The Role of Cosmic-ray Transport in Shaping the Simulated Circumgalactic Medium

Abstract

Abstract The majority of galactic baryons resides outside of the galactic disk in the diffuse gas known as the circumgalactic medium (CGM). While state-of-the art simulations excel at reproducing galactic disk properties, many of them struggle to drive strong galactic winds or to match the observed ionization structure of the CGM using only thermal supernova feedback. To remedy this, recent studies have invoked nonthermal cosmic ray (CR) stellar feedback prescriptions. However, numerical schemes of CR transport are still poorly constrained. We explore how the choice of CR transport affects the multiphase structure of the simulated CGM. We implement anisotropic CR physics in the astrophysical simulation code Enzo and simulate a suite of isolated disk galaxies with varying prescriptions for CR transport: isotropic diffusion, anisotropic diffusion, and streaming.
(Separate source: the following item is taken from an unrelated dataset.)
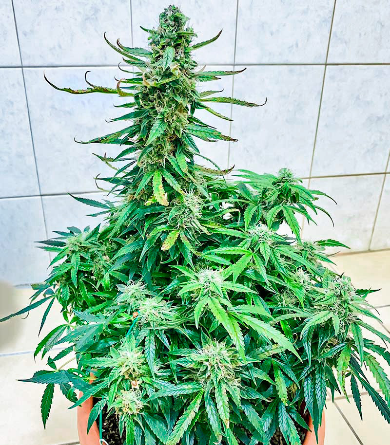 Сорт конопли Runtz Auto даже по своим габаритам напоминает фотопериодную версию. В индоре его высота ограничивается отметкой в 80-100 см, а в ауте – 110-140 см. По меркам автоцвета растение является настоящим великаном. Лучше подобрать оранжерею попросторнее. Но такие сложности с лихвой компенсируются урожайностью. В закрытом грунте растение способно принести до 600 г/м2, а в открытом – до 300 г/куст. На полное созревание кусту требуется всего 65-70 дней.

We find that all three transport mechanisms result in strong, metal-rich outflows but differ in the temperature and ionization structure of their CGM. Isotropic diffusion results in a spatially uniform, warm CGM that underpredicts the column densities of low ions. Anisotropic diffusion develops a reservoir of cool gas that extends farther from the galactic center, but disperses rapidly with distance. CR streaming projects cool gas out to radii of 200 kpc, supporting a truly multiphase medium. In addition, we find that streaming is less sensitive to changes in constant parameter values like the CR injection fraction, transport velocity, and resolution than diffusion. We conclude that CR streaming is a more robust implementation of CR transport and motivates the need for detailed parameter studies of CR transport.